Tuesday, December 20, 2011

Proposed Changes to the Companionship and Live-In Worker Regulations

On December 15, 2011, President Obama and the Department of Labor issued a notice that it will soon publish a Notice of Proposed Rulemaking to the Companionship and Live-In Worker Regulations. The current regulation, created in 1974, is an exemption from minimum wage and overtime pay requirements for casual babysitters and companions for the aged and infirm. It also created an exemption only for live in domestic workers. The exemption has not been substantially changed since 1975.

Because the in-home healthcare industry has changed and grown significantly since 1975, President Obama is changing the exemption to provide extra protection for our country’s in-home healthcare workers. When the exemption was originally created, it was intended to be used for casual babysitters and neighbors performing elder sitting. Today, many in-home care workers are employed by staffing agencies and have many more responsibilities than keeping someone company. Workers employed by in-home staffing agencies were not what Congress originally intended to have exempted. President Obama now wants to provide protections under the FLSA for these professional caregivers.
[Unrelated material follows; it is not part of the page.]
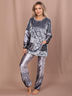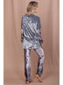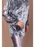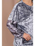 Стильный костюм, состоящий из свитшота и брюк, выполнен из бархатного трикотажного полотна серого цвета. Свитшот: круглый вырез горловины обработан внутренней обтачкой. Втачные рукава со спущенной линией проймы обработаны манжетами. По переду изделия накладные краманы. Брюки свободного силуэта, по низу брюк — манжеты. Верхняя часть брюк обработана поясом на резинке. Аксессуары в комплект не входят.

On December 15, 2011, in President Obama’s Remarks on Minimum Wage and Overtime Protections for In-Home Care Workers, he stated “Today, we’re guaranteeing homecare workers minimum wage and overtime pay protection. And that’s thanks to the hard work of my Secretary of Labor, Hilda Solis. We are going to make sure that over a million men and women in one of the fastest-growing professions in the country don’t slip through the cracks. We’re going to make sure that companies who do right by their workers aren’t undercut by companies who don’t. We’re going to do what’s fair, and we’re going to do what’s right.”

The Department of Labor is not eliminating the exemption, but proposing significant changes on the limitations. The new regulations will define the tasks that may be performed by an exempt companion more clearly. The new definition of a companion’s duties is limited to fellowship and protection, with some allowance for certain personal care services, as long as the service is incidental (does not exceed 20% of the hours worked that week) and performed along with the protection and fellowship. Companionship and fellowship include activities such as playing cards, watching television, visiting with friends, taking walks, and engaging in hobbies. The incidental personal care services include activities such as dressing, grooming, toileting, driving to appointments, feeding, laundry, and bathing. Companion’s duties would no longer include general household work; as evidenced by Congress’s protections for housekeeping employees, it wants these types of employees to be protected by the FLSA.

The proposed exemption will now only apply to companions employed only by the family or the household; it will not apply to third parties such as in home staffing agencies. The proposed change will still allow the household employing the worker to claim the exemption even if it is a joint employer with an agency. However, the agency can no longer claim the exemption when it is a joint employer with the household.

The proposed exemption will make the record-keeping requirements for live-in domestic workers the same as for other employers under the FLSA.